Среди недавних произведений на тему многомирия можно назвать веселую комплексную Трилогию Шредингеровского Кота вокруг истолкований квантовой физики, написанную Робертом Вильсоном. Первая книга („Вселенная по соседству“) рассматривает различные характеристики многомирия, второй том („Хитрая шляпа“) соединяет их сквозь нелокальность и третья часть („Почтовые голуби“) размещает их в созданной наблюдателем вселенной.
Научно-фантастическая литература часто описывает еще не осуществленные научные проекты, еще не сделанные открытия и идеи, еще не вошедшие в ареал науки.
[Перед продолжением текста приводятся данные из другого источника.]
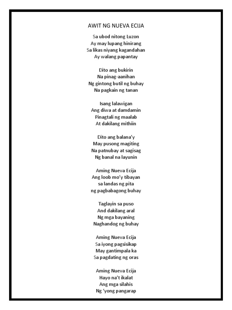 Mga awit sa nueva ecija. AMING NUEVA ECIJA HAYO NAT IKALAT. Sa bawat sulok muwebles pader ng bahay na ito mababanaag ang mga nakatagong kwento na mahalaga hindi lamang para sa mga taga Nueva Ecija kundi maging sa. AWIT NG NUEVA ECIJA.

Примеров тому достаточно много (голография, лазеры, клонирование и пр.), один из них – предвидение идеи многомирия и описание этой идеи и многочисленных следствий из нее для человеческой цивилизации.
Фантастика предвидела появление эвереттизма, эвереттизм же, утвердившись в физике и в философии в виде эвереттики, позволяет прийти к выводу об онтологической ценности всякой литературной фантазии, поскольку в результате практически бесконечного количества ветвлений мироздания, произошедших после Большого взрыва, в альтерверсе могут существовать (и, скорее всего, реально существуют) все или большая часть описанных фантастами (и, тем более, авторами-реалистами) универсумов. В этом смысле фантастическая литература, создаваемая авторами в нашей Вселенной, может быть (и, скорее всего, действительно является) сугубо реалистической прозой в другой ветви мультиверса или альтерверса».
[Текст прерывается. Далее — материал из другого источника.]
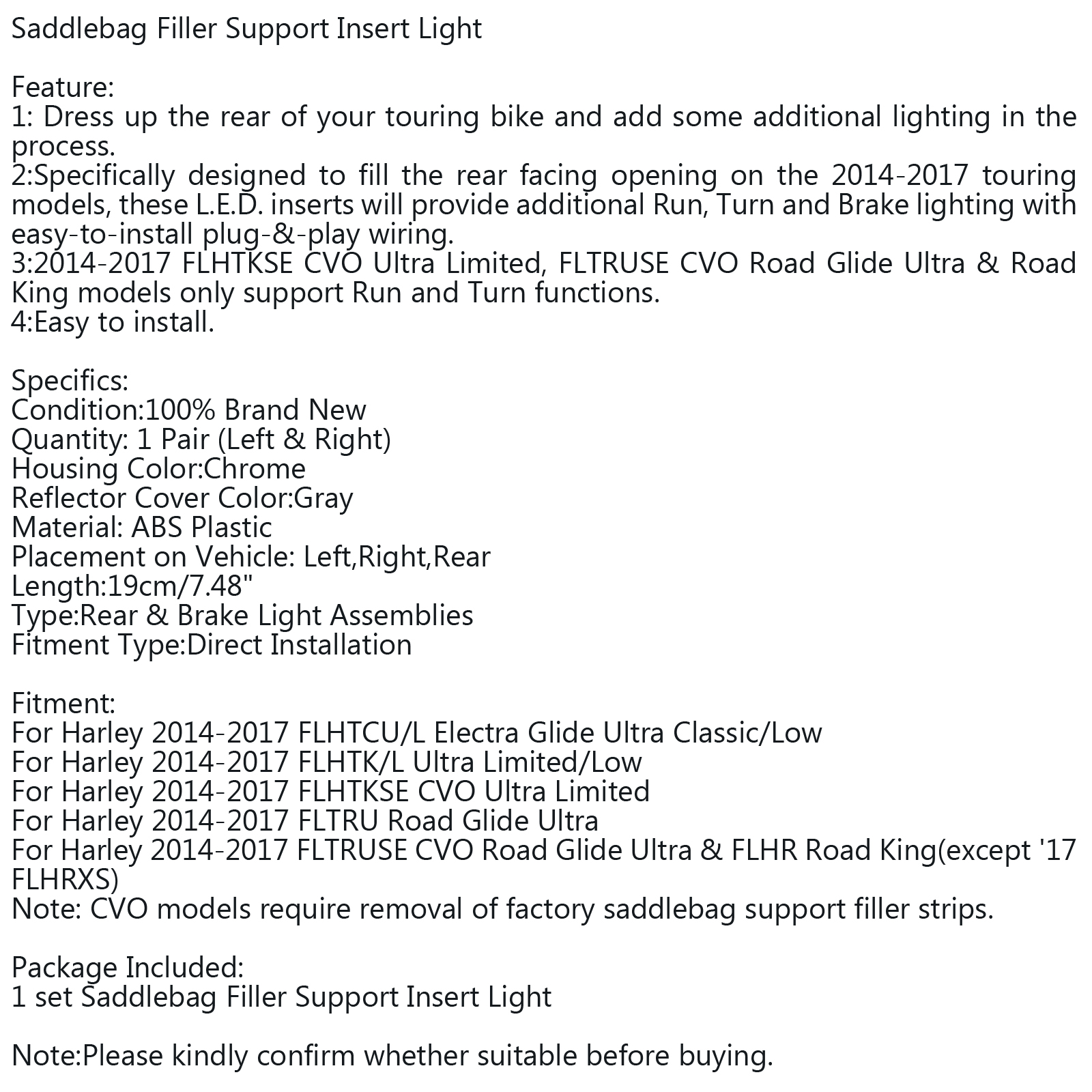 2:Specifically designed to fill the rear facing opening on the 2014-2017 touring models, these L.E.D. inserts will provide additional Run, Turn and Brake lighting with easy-to-install plug-&-play wiring.

Очень важен вывод, сделанный автором в финале. Литература по сути своей эвереттична! Но любопытно, что хотя фантастика и эвереттика, как видно из этого анализа, очень часто оказывались выразителями очень похожих идей, «лично» они практически незнакомы. Нет прямых ссылок на Эверетта у известных фантастов, да и мой опыт общения с представителями этого «литературного цеха» свидетельствует о том же.
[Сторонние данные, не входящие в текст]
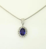 18kt White Gold Oval Tanzanite and Diamond Pendant
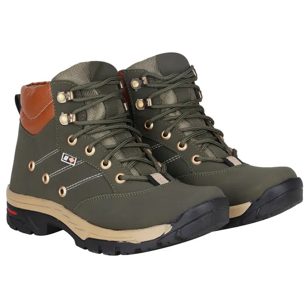 Dark Green Leatherette And Airmix Lace Ups Boots For Men
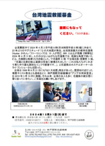 921台湾大地震の時、震源地付近にあった埔里キリスト教会と連絡を取り、以来、台湾との親交がある神戸国際支縁機構(岩村義雄代表)は、「花蓮県の被災地に寄り添っていきたい」と、「台湾地震救援募金」を開設。募金振込先は、ゆうちょ銀行〇九九店58077(記号番号0090-8-58077) 受取人名:一般社団法人神戸国際支縁機構(記入欄に「台湾」と記名)。募金期間は2024年12月31日まで。問い合わせは、Tel078-782-9697、神戸国際支縁機構まで。URL https://kayokofund.jp/

Тем знаменательнее и интереснее один из документов, обнаруженный мной в «Гибралтарской папке».
Цивошвех, как скрупулезный исследователь, не имея для этого достаточных документальных материалов, не пытается анализировать характер отношений Карен Андерсон, жены знаменитого фантаста Пола Андерсона, (фамилию Круз она имела до 1953 года) и Хью Эверетта.
А в «Гибралтарской папке» Марка я нашел один замечательный по своим качествам документ – письмо Карен к Хью. Оно не датировано, но можно предположить, что относится ко времени первой поездки Хью в Европу в 1949 году. Вот его текст в моем переводе.
«Привет, Хью!
У нас стоит такая жара, что даже я, никогда не жаловавшаяся на проблемы со сном, просыпаюсь среди ночи от духоты.
И вот сегодня мне приснился сон, который настолько ясно запомнился мне, что я решила его записать – а вдруг он будет вещим? Я не поленилась встать и писала среди ночи на обратной стороне какого-то счета. Вот что мне приснилось, или, точнее, что записалось по первому впечатлению от сна.
Я стою на Краю Мира. Край мира огорожен на совесть, но не создана еще изгородь, которая могла бы задержать мальчишку…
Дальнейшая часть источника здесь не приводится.